[Start of Attachment]

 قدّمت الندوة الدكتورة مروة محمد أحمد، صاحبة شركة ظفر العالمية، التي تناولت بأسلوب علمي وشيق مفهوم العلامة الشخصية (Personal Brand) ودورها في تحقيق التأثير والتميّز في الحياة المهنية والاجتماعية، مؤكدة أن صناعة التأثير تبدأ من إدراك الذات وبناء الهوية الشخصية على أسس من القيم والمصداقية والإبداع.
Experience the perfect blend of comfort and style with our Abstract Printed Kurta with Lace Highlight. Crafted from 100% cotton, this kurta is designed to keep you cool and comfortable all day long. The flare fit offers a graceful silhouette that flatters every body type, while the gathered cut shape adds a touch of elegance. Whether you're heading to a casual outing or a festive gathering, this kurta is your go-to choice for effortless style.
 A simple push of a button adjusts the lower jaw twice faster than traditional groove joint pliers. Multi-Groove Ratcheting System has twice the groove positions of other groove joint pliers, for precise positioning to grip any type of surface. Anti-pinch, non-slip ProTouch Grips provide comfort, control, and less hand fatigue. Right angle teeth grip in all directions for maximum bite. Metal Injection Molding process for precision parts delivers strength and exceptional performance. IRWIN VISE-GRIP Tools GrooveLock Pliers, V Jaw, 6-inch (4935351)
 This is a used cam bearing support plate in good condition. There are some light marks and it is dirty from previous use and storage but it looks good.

[End of Attachment]
[Start of Attachment]

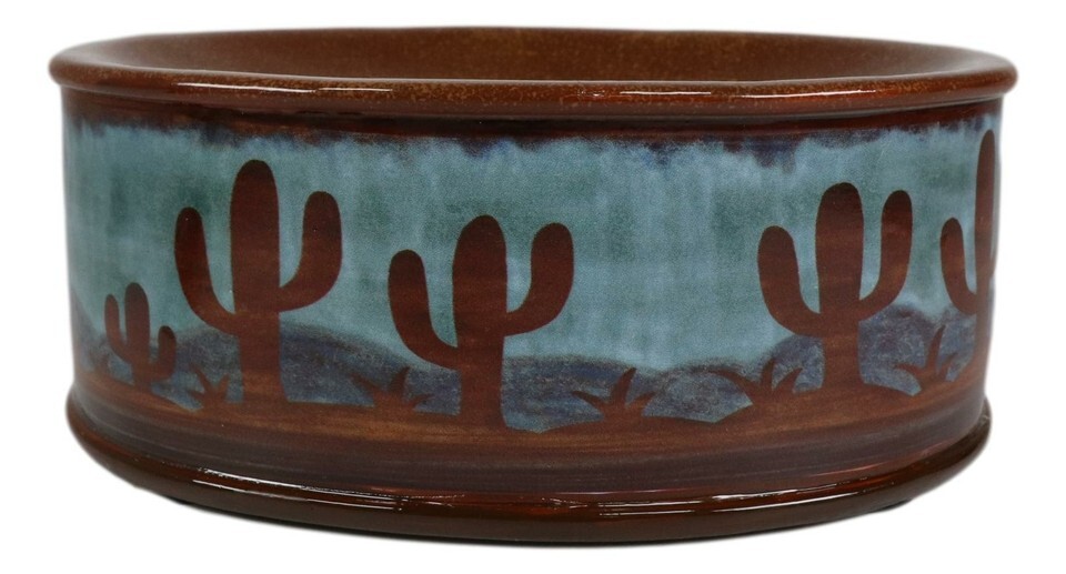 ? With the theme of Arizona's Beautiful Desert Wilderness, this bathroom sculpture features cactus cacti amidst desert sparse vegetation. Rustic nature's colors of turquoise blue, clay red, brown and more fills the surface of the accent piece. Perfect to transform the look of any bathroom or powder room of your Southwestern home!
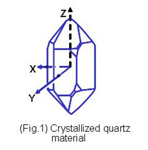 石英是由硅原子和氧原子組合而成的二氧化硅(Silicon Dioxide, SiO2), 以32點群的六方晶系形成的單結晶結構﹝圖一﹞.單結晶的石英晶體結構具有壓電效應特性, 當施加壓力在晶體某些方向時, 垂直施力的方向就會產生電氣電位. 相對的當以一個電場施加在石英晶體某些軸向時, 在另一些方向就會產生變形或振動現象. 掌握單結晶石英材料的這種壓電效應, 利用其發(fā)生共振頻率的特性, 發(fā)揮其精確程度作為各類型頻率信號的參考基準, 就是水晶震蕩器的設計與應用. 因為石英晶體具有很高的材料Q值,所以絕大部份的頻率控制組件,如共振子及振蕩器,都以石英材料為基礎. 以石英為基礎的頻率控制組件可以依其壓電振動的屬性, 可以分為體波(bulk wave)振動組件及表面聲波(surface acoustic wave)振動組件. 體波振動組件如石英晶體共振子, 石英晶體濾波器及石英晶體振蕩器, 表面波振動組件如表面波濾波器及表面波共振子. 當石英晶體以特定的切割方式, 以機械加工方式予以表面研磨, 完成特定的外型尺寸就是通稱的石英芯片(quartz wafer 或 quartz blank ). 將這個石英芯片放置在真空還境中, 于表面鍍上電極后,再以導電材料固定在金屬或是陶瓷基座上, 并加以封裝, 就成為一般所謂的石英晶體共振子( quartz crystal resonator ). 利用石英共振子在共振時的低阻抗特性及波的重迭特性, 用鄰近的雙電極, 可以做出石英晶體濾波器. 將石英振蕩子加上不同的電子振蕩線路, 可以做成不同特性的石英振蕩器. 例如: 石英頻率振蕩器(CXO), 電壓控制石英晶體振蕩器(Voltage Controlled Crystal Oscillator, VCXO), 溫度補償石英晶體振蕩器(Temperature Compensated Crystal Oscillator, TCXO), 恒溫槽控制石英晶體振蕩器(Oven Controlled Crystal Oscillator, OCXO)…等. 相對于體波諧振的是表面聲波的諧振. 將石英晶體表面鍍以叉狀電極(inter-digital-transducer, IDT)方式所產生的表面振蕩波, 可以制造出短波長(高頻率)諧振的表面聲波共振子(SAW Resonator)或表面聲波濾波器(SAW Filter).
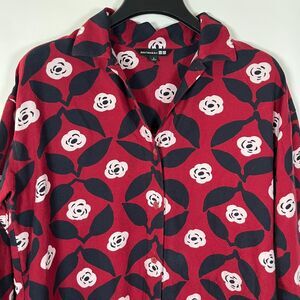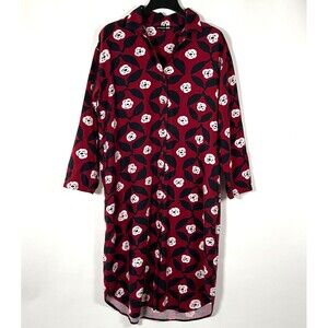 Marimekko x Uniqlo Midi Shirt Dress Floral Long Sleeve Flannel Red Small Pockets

[End of Attachment]

Exercise
Only one part of the material above is to be transcribed, namely the lines starting with the line that has "A simple push" and going on through the line that has "This is a used", exactly as they stand.

Solved problem
 A simple push of a button adjusts the lower jaw twice faster than traditional groove joint pliers. Multi-Groove Ratcheting System has twice the groove positions of other groove joint pliers, for precise positioning to grip any type of surface. Anti-pinch, non-slip ProTouch Grips provide comfort, control, and less hand fatigue. Right angle teeth grip in all directions for maximum bite. Metal Injection Molding process for precision parts delivers strength and exceptional performance. IRWIN VISE-GRIP Tools GrooveLock Pliers, V Jaw, 6-inch (4935351)
 This is a used cam bearing support plate in good condition. There are some light marks and it is dirty from previous use and storage but it looks good.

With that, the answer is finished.